Time-wise correction due in large-cap IT stocks; TCS, NIIT Tech top picks

Though analysts remain bullish on the sector, they caution against the sharp rally seen thus far in CY18

Photo: Shutterstock
Photo: Shutterstock
Pranati Deva New Delhi
Last Updated : May 04 2018 | 6:00 AM IST
A number of information technology (IT) companies have announced their earnings for the March 2018 quarter, which were mostly mostly in line with the analysts’ expectations. In some cases, the companies tweaked the guidance for financial year 2018-19 (FY19) to reflect the challenging business environment.

Infosys, for instance, revised the EBIT margin guidance for FY19 to 22-24 per cent from 23-25 per cent (FY18) earlier. However, the net profit and revenues grew 2.4 per cent and 5.6 per cent, respectively year-on-year during the recently conclude quarter. Sequentially, the net profit declined 28.1 per cent and revenues grew 1.6 per cent.

On the other hand, markets gave a thumbs-up to TCS after it posted double-digit revenue growth in dollar terms in Q4 for the first time in the last 12 quarters. The IT major reported a sequential growth of 8.2 per cent in Q4FY18 revenues. The firm’s consolidated profit was at Rs 69.04 billion for the quarter ended March 2018, registering a 5.7 per cent growth compared to Rs 65.31 billion in previous quarter and 4.5 per cent growth over year-ago period.

In constant currency terms, revenue of both Infosys and TCS grew 5.8 per cent and 6.7 per cent, respectively, in FY18.

So, should you invest in the large-cap IT stocks at the current levels?

Though analysts remain bullish on the sector, they caution against the sharp rally seen thus far in CY18 and the valuations at which some of these stocks trade. A time-wise correction is possible in the near-term in TCS (based on valuations), as well as in Infosys, Wipro and HCL Tech (subdued near-term operational outlook), experts suggest.

Harit Shah, research analyst at Reliance Securities, for instance, advises investors wait for 5- 10% correction before putting fresh money in these stocks.

"TCS is likely to perform the best (operationally) in FY19 followed by HCL Technologies. We expect 11.7 per cent dollar revenue growth on the back of strong growth in emerging verticals, client investments in Digital and recovery in BFSI and retail verticals. Expect 10.9 per cent dollar revenue growth for HCL Tech in FY19, albeit aided majorly by acquisitions. Infosys and Wipro are expected to both record single digit revenue growth of 8.1 per cent and 6.5 per cent, respectively,” Shah says.

For Gaurang Shah, head investment strategist at Geojit Financial Services, TCS remains the top pick in the IT sector followed by Infosys and HCL Tech. Wipro, on the other hand, he thinks, can’t deliver good returns going ahead based on its recent earnings performance. He expects a 15-20% return from blue-chip IT stocks in the coming three - four years.

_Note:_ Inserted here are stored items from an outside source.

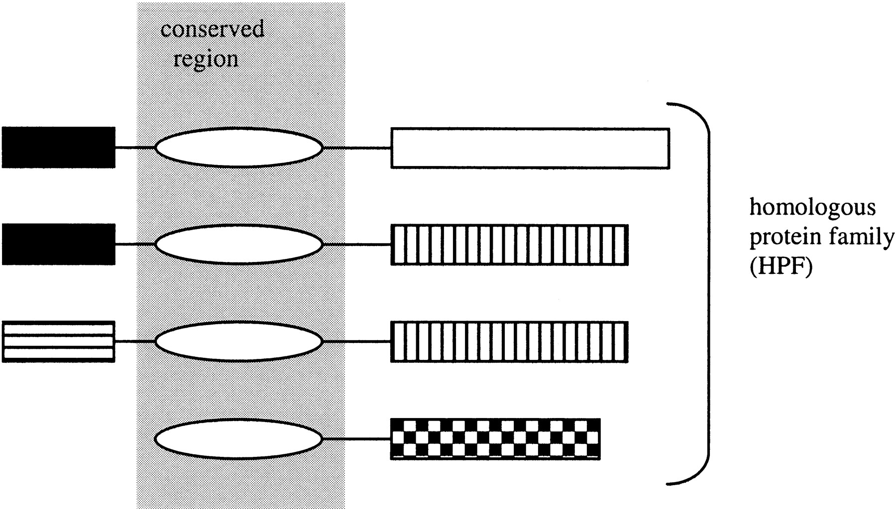 Schematic representation of a homologous protein family (HPF). Identically shaded boxes represent identified regions of each protein that have sequence homology. HPFs are constructed computationally by identifying one (or more) region(s) of sequence homology (i.e., unfilled oval) that builds the largest group of sequences. The HPF-conserved sequence region can be found in all proteins in the HPF.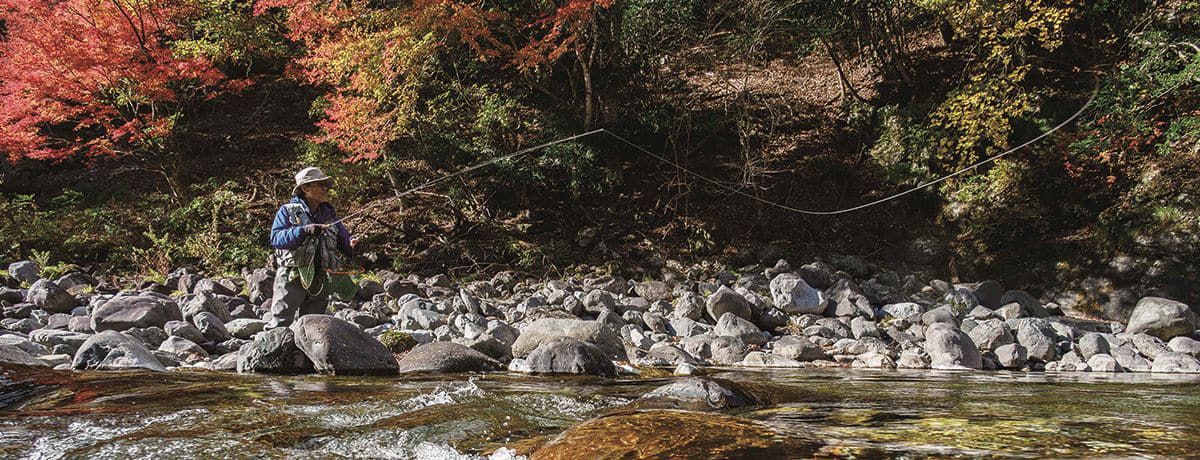 本州にも紅葉を眺めながら渓流釣りを楽しめる河川があります。宮城県の荒雄川(あらおがわ)、栃木県の箒川(ほうきがわ)、群馬県の神流川(かんながわ)などがありますが、なかでも釣り場が広く、ダイナミックな景色の中でサオを振れるのが箒川です。
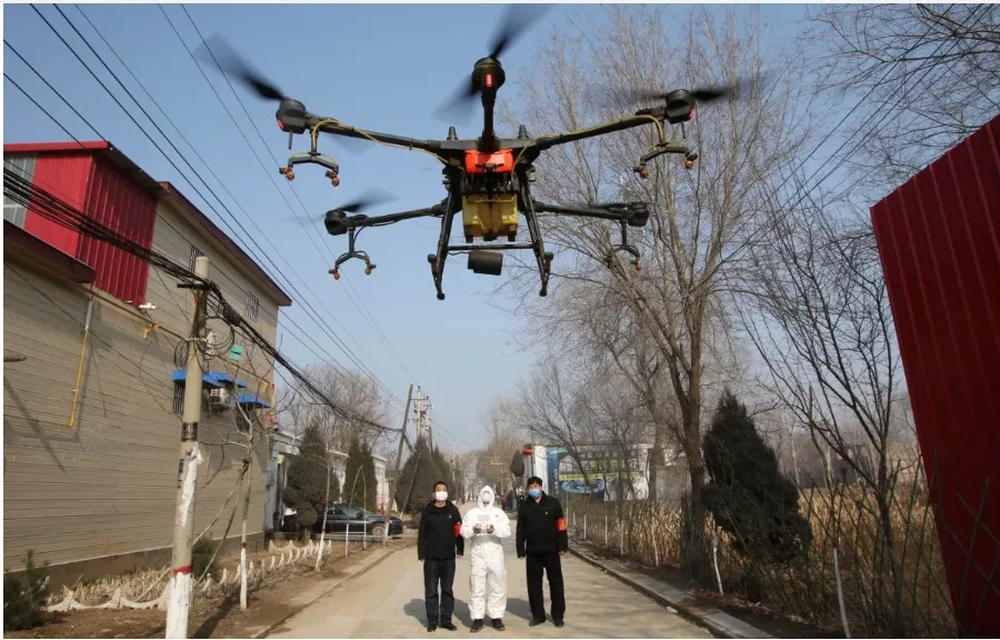 Trung Quốc dùng máy bay không người lái phun thuốc khử trùng tại tỉnh Hà Bắc. Ảnh: REUTERS

IT stocks outperformed the benchmark indices in April, rallying 8.8 per cent, as compared to a 3.4 per cent rise in the Nifty.

Gains were led by Tata Consultancy Services (TCS). The stock rallied nearly 20 per cent in April 2018 and became the first Indian IT company to scale $100 billion market capitalisation (market-cap) mark.

Infosys, India's second-largest software services firm soared 5.72 per cent and HCL Technologies (2 per cent) at the bourses, ACE Equity data show.

Among the mid-cap IT stocks, Shah of Geojit expects NIIT Tech to outdo large-cap peers in FY19 in terms of operational and stock market performance. "NIIT Tech can deliver 20-25% return for investors in the next three - four years," he says.